In letzter Zeit habe ich mich sicherer gefühlt, klassische Kleidungsstücke, wie eine Jacke oder einen Mantel, mit lässigerer und Vintage-Kleidung zu mischen, um Stile, Stoffe, Schichten zu kombinieren und etwas Einzigartiges für mich selbst zu schaffen.

Sanpetuna

3. Was ist Ihr einzigartiger Ansatz/Ihre einzigartige Philosophie, wenn es ums Anziehen geht?

„Kreieren“ ist das Verb, deshalb nannte ich meine Schneiderei „POIESIS“, ein Begriff aus der altgriechischen Philosophie. Er bezieht sich auf den Prozess, etwas ins Dasein zu rufen, den Akt der Schöpfung, unter Verwendung von Vorstellungskraft, Kunst oder intellektuellen Anstrengungen.

Sanpetuna

4. Gibt es bei Ihnen persönliche Lieblingsmarken? Oder achten Sie beim Kauf eher auf Qualität/Design?

Ich mag einfache Sachen, aber auch etwas Raffinierteres wie: Ulster Coat, natürlich Jacken, einen zweireihigen Nadelstreifenanzug, Bundfaltenhosen für den Alltagsstil und Jeans. Sowie ein tolles Jeanshemd oder ein Button-Down-Oxford-Hemd.

Sanpetuna

5. Sie sind freiberufliche Schneiderin. Welche Schneiderschule besuchen Sie? Und was macht Ihre Produkte so besonders?

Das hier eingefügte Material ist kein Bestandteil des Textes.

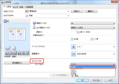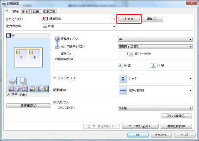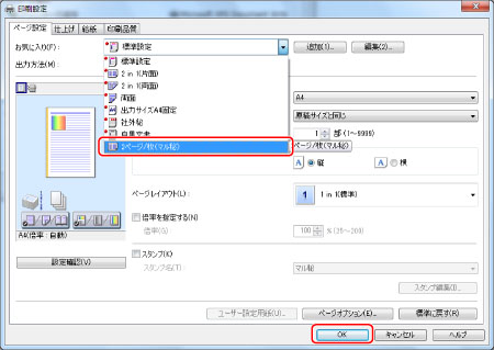 [お気に入り]から[2ページ/枚(マル秘)]を選択して、[OK]をクリックします。

Meine Ausbildung absolvierte ich bei Liverano & Liverano, wo ich fast 7 Jahre lang tätig war.

Ich habe den Florentiner Schnitt und den speziellen Prozess hinter dem Produkt gelernt: Der Schnitt und die Handarbeit machen das Kleidungsstück sehr besonders.
Wenn Sie meine Jacke tragen, spüren Sie die Weichheit, den Komfort und den einzigartigen Schnitt.

Fügen Sie all diese Zutaten mit einem Vintage-Stoff aus meiner Kollektion (ich habe mehr als 500 Vintage-Stoffe aus den 70er bis 90er Jahren) und einer persönlichen Note hinzu, und Vertrauen ist das, was Sie bekommen. Ein gutes Rezept.